Ukrainian President Volodymyr Zelenskyy on Thursday, November 13, ordered sanctions on a former business associate who has become central to a corruption scandal that has generated public outrage in a country worn down by nearly four years of war. The decision came only a day after Zelensky asked two cabinet ministers to resign as part of efforts to distance himself from allies implicated in a major money-laundering scheme.
Anti-corruption authorities investigating the case said the scheme involved the diversion of $100 million from Ukraine’s energy sector, an industry critically damaged by sustained Russian strikes that have left millions facing severe electricity shortages. Investigators identified Timur Mindich, a 46-year-old businessman long known in Ukraine for his close personal and professional ties to Zelensky, as the architect of the fraud.
Zelensky’s office released a decree imposing what it described as “personal special economic” sanctions on Mindich and another businessman, Oleksandr Tsukermann. The order freezes their assets, revokes their state honours, and places strict limits on their business activities and international travel. Both Mindich and Tsukermann hold Israeli citizenship and are believed to have already left Ukraine.
Zelensky, in a statement following his call with German Chancellor Friedrich Merz, said only that “Ukraine will do everything necessary to strengthen partners’ trust,” without directly addressing the scandal.
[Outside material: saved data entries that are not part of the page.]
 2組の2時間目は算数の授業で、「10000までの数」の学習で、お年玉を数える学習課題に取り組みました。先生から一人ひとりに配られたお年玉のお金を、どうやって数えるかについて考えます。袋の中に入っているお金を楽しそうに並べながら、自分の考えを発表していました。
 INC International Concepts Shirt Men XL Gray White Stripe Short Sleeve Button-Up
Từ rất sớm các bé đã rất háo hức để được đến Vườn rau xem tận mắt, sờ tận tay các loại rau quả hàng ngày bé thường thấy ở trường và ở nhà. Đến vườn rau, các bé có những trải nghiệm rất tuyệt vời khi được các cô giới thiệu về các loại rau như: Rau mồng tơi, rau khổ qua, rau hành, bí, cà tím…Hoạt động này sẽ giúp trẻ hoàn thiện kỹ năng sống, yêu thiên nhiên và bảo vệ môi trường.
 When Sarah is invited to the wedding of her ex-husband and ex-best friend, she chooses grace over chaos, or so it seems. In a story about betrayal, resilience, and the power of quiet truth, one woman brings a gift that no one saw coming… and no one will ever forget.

The allegations, particularly Mindich’s involvement, carry the risk of political damage. Ukrainian media have repeatedly described Mindich as a long-time friend of the president, a connection that Western diplomats in Kyiv say could complicate the government’s efforts to demonstrate accountability.
A European diplomat speaking to AFP on condition of anonymity said Ukraine’s government “needs to be cleaned of corrupt elements,” adding that the case nonetheless demonstrated the increasing effectiveness of Ukraine’s anti-graft institutions. Germany, Kyiv’s largest donor within the European Union, said it expected the government to deepen reforms aimed at curbing corruption. Hungary’s Prime Minister Viktor Orbán, a persistent critic of Ukraine, seized on the development, declaring that “a Ukrainian war mafia network with a thousand ties to President Zelensky has been exposed.”
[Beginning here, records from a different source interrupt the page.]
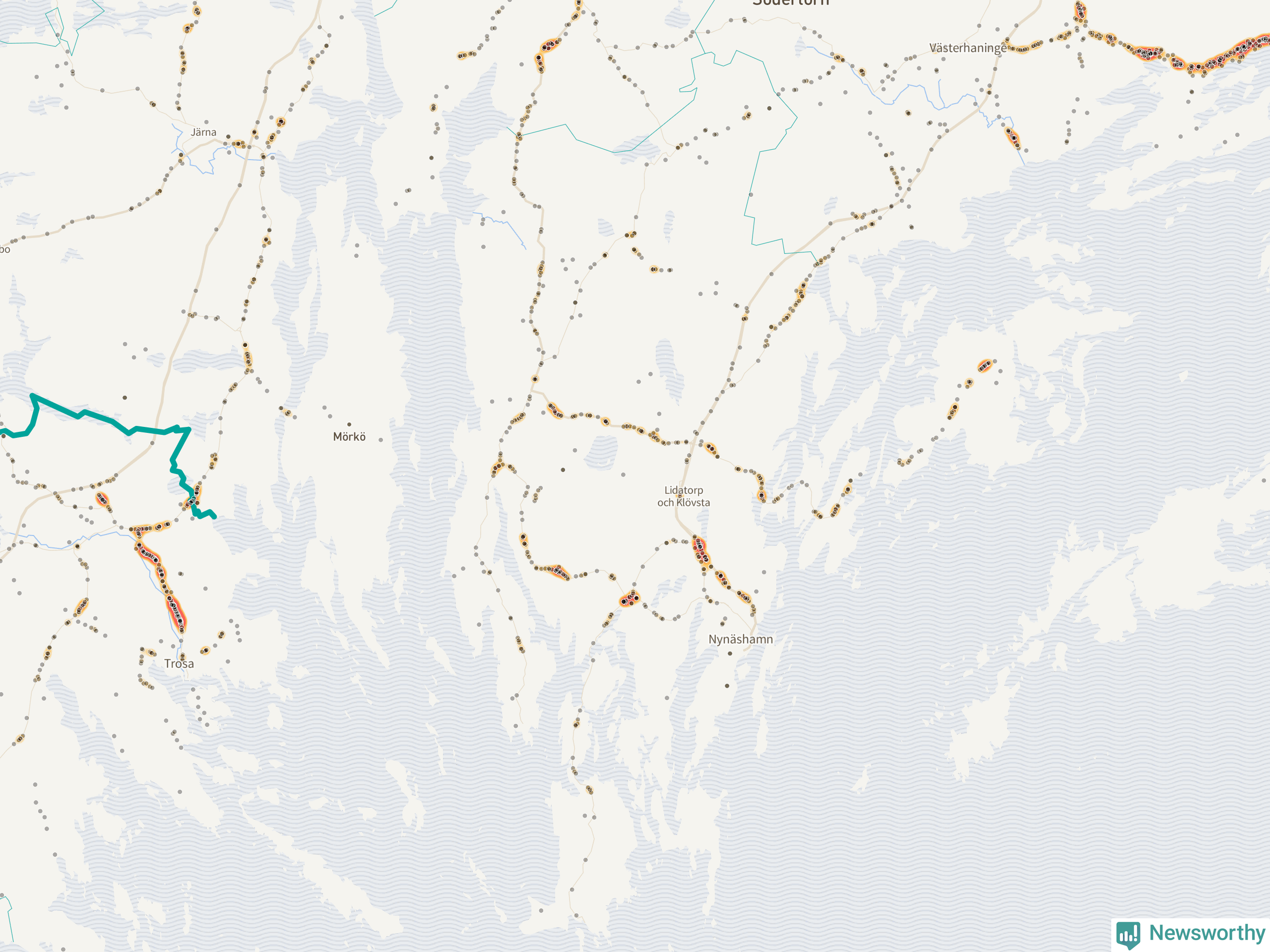 | Nykvarn | väg 576 | rådjur, älg | 150 |
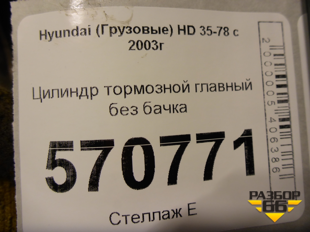 Цилиндр тормозной главный без бачка для Hyundai HD 35-78 с 2003г в Челябинске
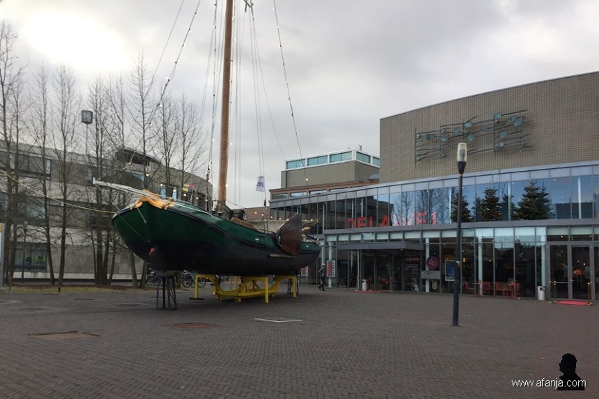 Op het plein voor schouwburg De Lawei ligt het skûtsje “Doeke van Martena”, een Friese platbodem die in 1906 is gebouwd op de bekende scheepswerf Buitenstvallaat bij Drachten …

The International Monetary Fund, which Ukraine is courting for a new loan programme, also weighed in, saying that eliminating corruption remained a core requirement for international financial support as Kyiv continues to rely heavily on foreign assistance to sustain its economy and war effort.
A senior Ukrainian official told AFP that Zelensky was enraged by the revelations and had not communicated with Mindich since the scandal broke earlier in the week. Mindich previously co-owned the entertainment company Kvartal 95, which Zelensky established during his years as a comedian and actor. “What is there to talk about? He can go to hell,” the official said, speaking anonymously. The official added that Zelensky was “stunned when he found out what was happening” and moved quickly to dismiss both the justice and energy ministers on Wednesday.
“The president has taken the toughest steps he could within his powers,” the official said, emphasising that the investigation would continue and that further actions had not been ruled out.